O Brasil e o espírito do tempo

Por Wanfil em Cultura

27 de Abril de 2019

“Escritores e Leviatã” é o título de um pequeno ensaio escrito por George Orwell em 1948 (o mesmo ano em que ele publicou 1984). Pois bem, logo no início do texto, uma passagem chamou a minha atenção:

“Não quero aqui expressar uma opinião favorável ou contrária ao patrocínio estatal das artes, mas apenas salientar que o tipo de Estado que nos governa deve depender em parte da atmosfera intelectual dominante: quer dizer, nesse contexto, deve depender em parte da atitude dos próprios escritores e artistas, e de sua disposição ou não de manter vivo o espírito do liberalismo”.

Não me interessa agora o antagonismo entre os “patrocínios estatais das artes” e o “espírito do liberalismo”, mas sim a relação entre a “atmosfera intelectual” e o “tipo de de Estado que nos governa”. Repare: Orwell não indaga sobre o tipo de sujeito ou de partido que está no poder, mas sobre o pensamento predominante na forma de organização estatal que domina o pedaço. É algo mais profundo e duradouro.

O paralelismo foi automático: Qual tipo de Estado governa o Brasil?

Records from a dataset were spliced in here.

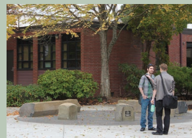
Henry Lennstrom Stone Circle

To learn more about honoring a loved one through the dedication of a named gift, please contact the Foundation office at 360.442.2130.
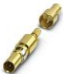
Coaxial contact, contact diameter: 4.8 mm, turned, Socket, contact material: Copper alloy, contact surface: gold-plated, connection cross section: 0.14 mm 2 ... 2.5 mm 2 AWG 26 ... 14, Wave impedance: 75 Ω

Coaxial contact - HC-M-04-BU-KOAX-75 - 1686258
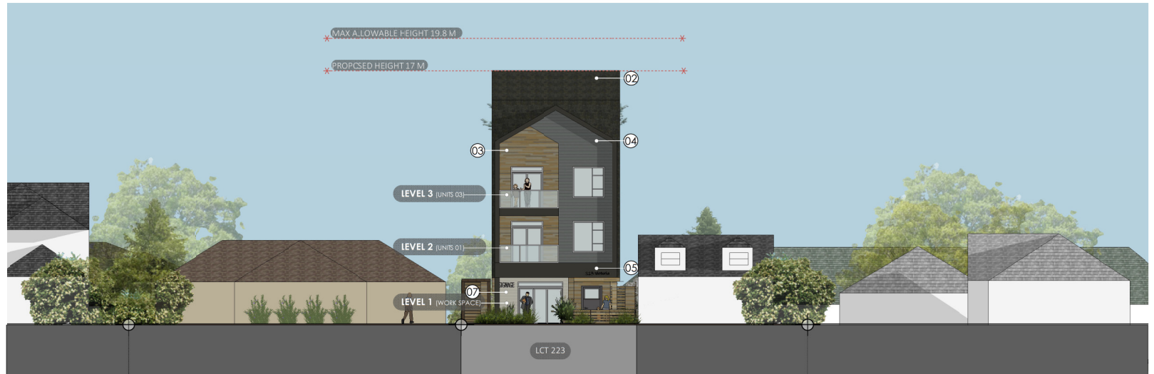
WEST ELEVATION | FOURPLEX | FROM VICTORIA ROAD | Scale 1/8" = 1' |
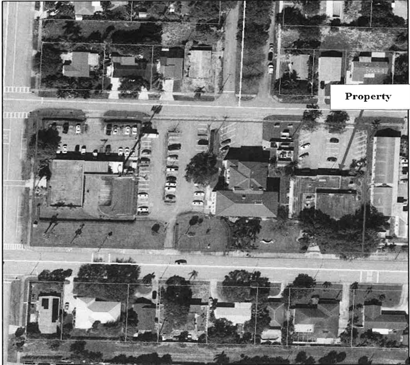
Town of Lake Park Library, 529 Park Avenue Lake Park, FL
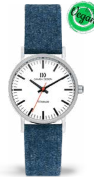
VEGAN NAVY SMALL IV42Q199
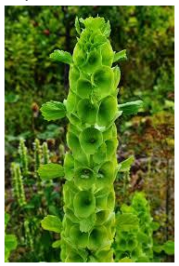
Bells of Ireland

A tradition is tied to folklore that says wearing green makes you invisible to leprechauns, which like to pinch anyone they can see. Some people also think sporting the color will bring good luck, and others wear it to honor their Irish ancestry.
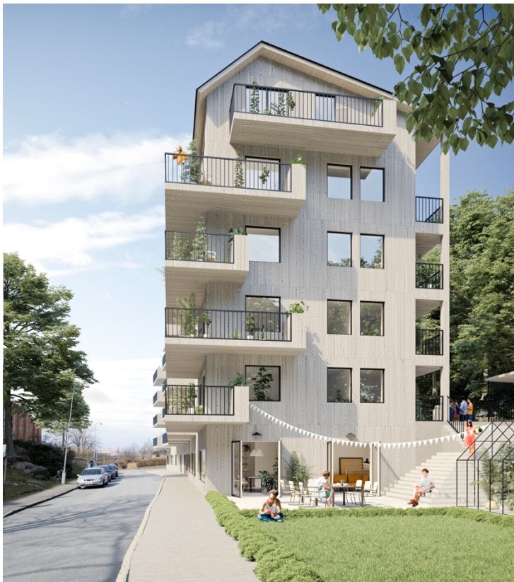
Figure 12 Bygggemenskapen/The Building Community Ärlan, Gothenburg. 29 flats and common spaces to be completed 2021. Architect and project guide InobiArkitekter. Illustration Inobi.

This project aims to develop new supporting structures and policies for building communities through collaboration between municipalities/city planning departments, end users, researchers and the private sector in order to make way for idea-driven development in a larger scale.
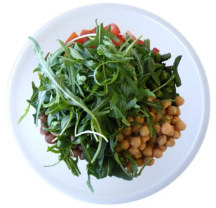
7 Add rocket or lettuce
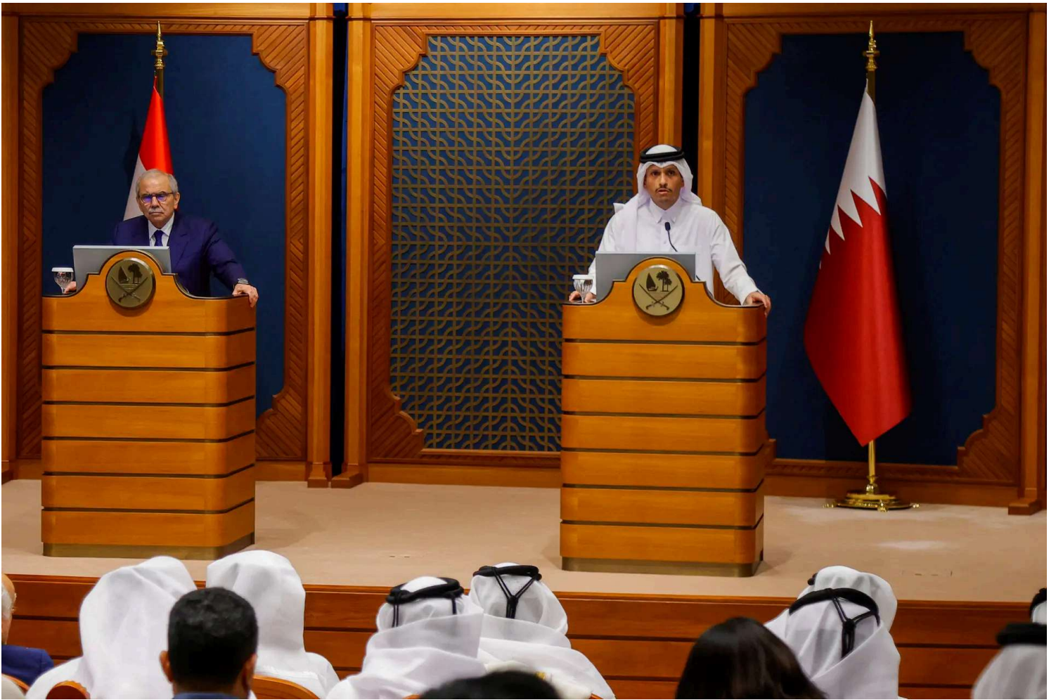
Qatar's Prime Minister Mohammed bin Abdulrahman al-Thani (R) and Lebanese Prime Minister Nawaf Salam hold a press conference in Doha, on June 24, 2025. Mediator Qatar said on June 24 it was working on resuming Gaza cease-fire talks in days.
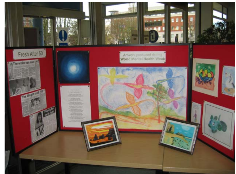
Display of art from World Mental Health Week
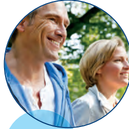
Morning walks & news programs

No matter where you are or what you're doing, Wi Series is designed to make listening easier. It's the ideal hearing aid for people who are active and on the go, enjoy spending relaxing time at home — or both.
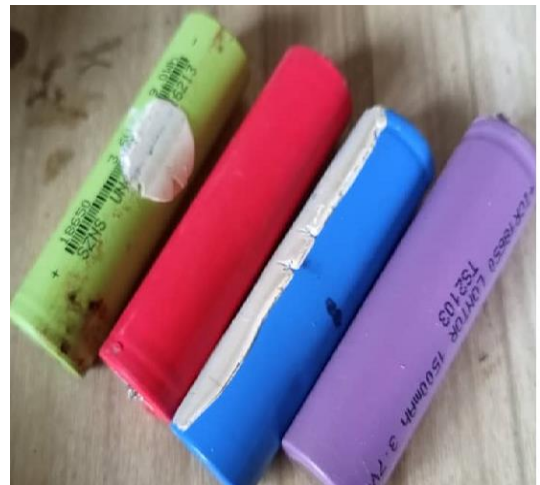
Figure 5. Lithium ion battery.
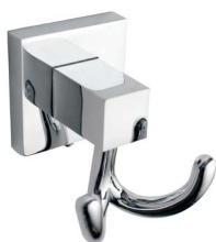
DOUBLE ROBE HOOK LR6006B
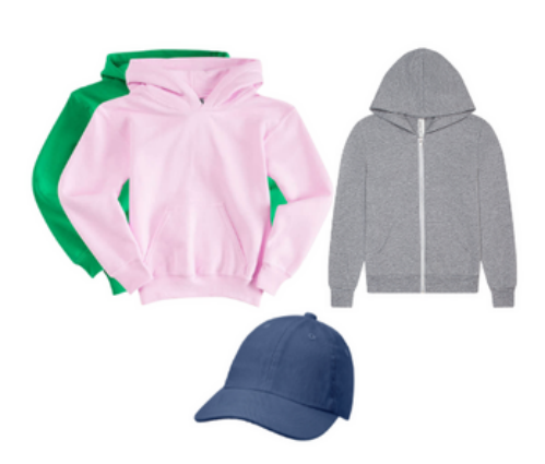
No hats, hooded clothing, or bandanas.
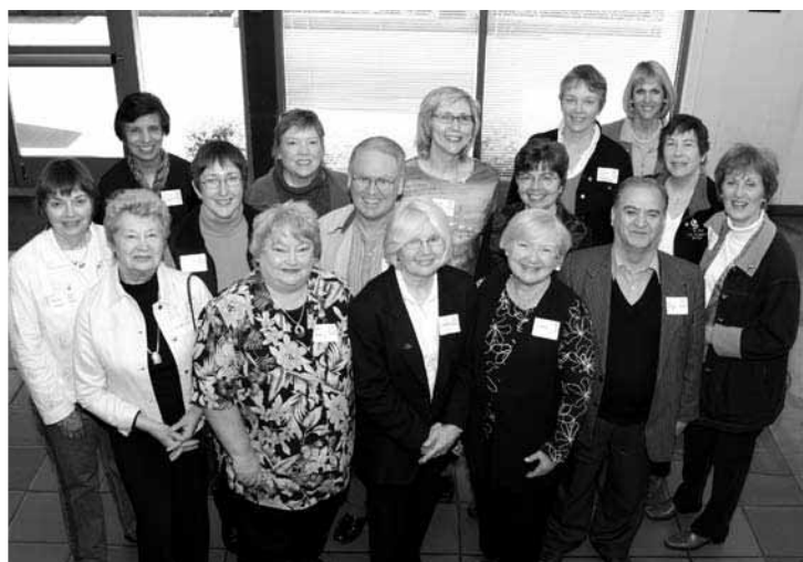
Serving 5 Years
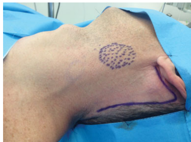
Fig. 1 Retroauricular incision planning.

Patient preparation for surgery was the same as that which is typically used for other neck surgeries performed under general anesthesia. The patient was positioned at the operating table with cervical extension and contralateral head rotation. The surgeon performs the retroauricular incision (→Fig. 1) and raises the subplatysmal skin flap exposing the surgical field limited by neck midline, lower mandible border, omohyoid muscle, and esternocleidomastoid muscle, as described at Yonsei Medical Center Head and Neck Department in Seoul. 15,16,22 During flap elevation, it is important to identify and preserve the great auricular nerve and external jugular vein. Then, a Thompson self-retaining retractor (Thompson Surgical Instruments, Traverse City, U.S.A.) was applied establishing the proper working space. Neck dissection (→Fig. 2), submandibular or neck mass excision was then performed with assistance of an ultrasonic scalpel (Ultra-cision ACE, Johnson & Johnson, U.S.A.), vascular clips (Hem-o-lock, Teleflex, Morrisville, U.S.A.), a 10mm, 30-degree endoscope, and usual laparoscopic instruments (Grasper and Maryland forceps). The surgeon performed any dissections lateral to the carotid artery under direct vision using headlights, albeit without magnification tools, and regular surgical instruments, before introducing the endoscope. Routine dissection and preservation of facial marginal branch, vagus, hypoglossus, lingual, accessory, and phrenic nerves were
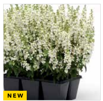
Serena White Improved Angelonia

ANGELONIA <sup>O</sup> Angelonia angustifolia
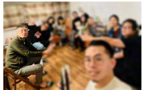
Students returning to an in-person gathering at our home

believers. We will break ground and launch the student outreach in Göttingen with different monthly outreach activities, starting this year. We hope to reach out to friends who are interested in learning more about our faith, to promote relational evangelism. In Kassel, we will strengthen those involved in the ministry by equipping them with training and more opportunities to serve. We will continue to encourage brothers and sisters to step up on the ministry journey.
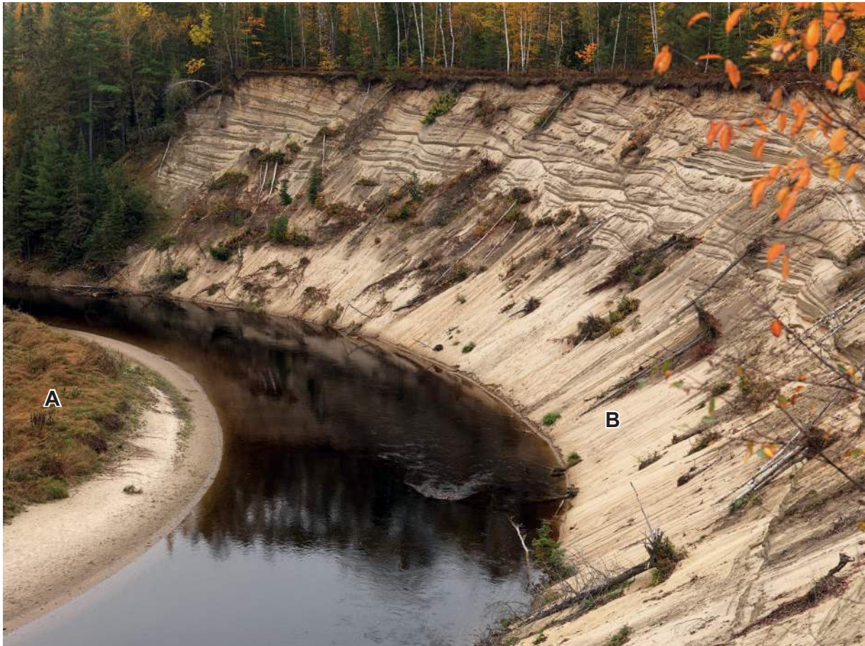
Fig. 5.1 for Question 5
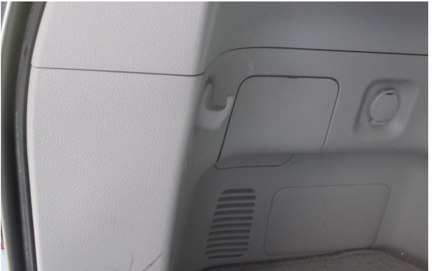
10. Wire located behind panel to Back-up light access hole.
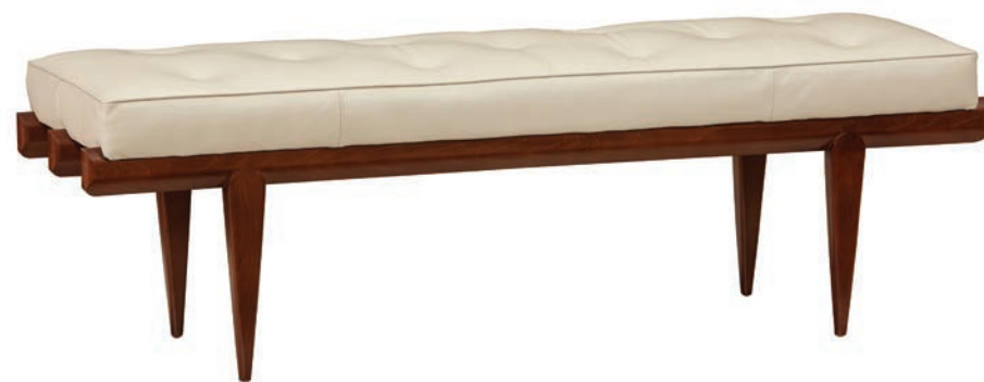
H205B Arne Bench OVERALL: W63 D18 H18 APPROX. SEAT HEIGHT: 18 LIGHTLY BUTTONED, TIGHT SEAT CUSHION SHOWN IN SELECTED FINISH: #54 SOHO
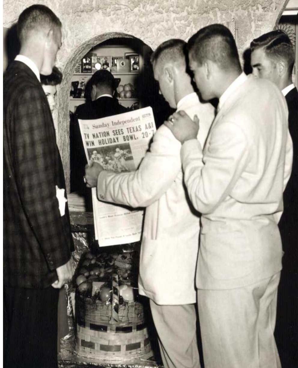
Javelina players read the headlines the morning after their victory over Lenoir-Rhyne (N.C.) in the 1959 Holiday Bowl. The Javelinas won the NAIA national championship before a live CBS national television audience. It was the first of seven national titles for the Javelina football program.
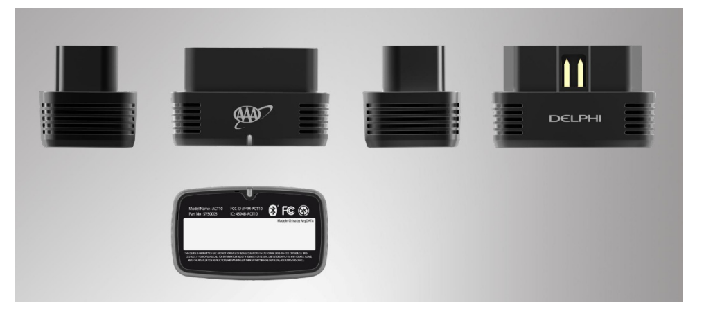
Figure 3.1: External Interface

The ACT10 adapted integrating Bluetooth Basic Rate(BR) / Enhanced Data Rate(EDR) / Low Energy(LE) features fully compliant with the Bluetooth 4.0 specification up to the HCI Layer. This device is connected to Smartphone by proper application program.

E o Ceará? Pois é. Respostas, quaisquer que sejam, não podem ignorar algumas características: ineficiente, paternalista, burocrático, corporativista.

Qual tipo de atmosfera intelectual prevalece no país desde algumas décadas? Com exceções que sempre confirmam a regra, certas distinções são inescapáveis: partidária, ativista, burocrática, corporativista.

Não existe efeito sem causa. Orwell tinha razão.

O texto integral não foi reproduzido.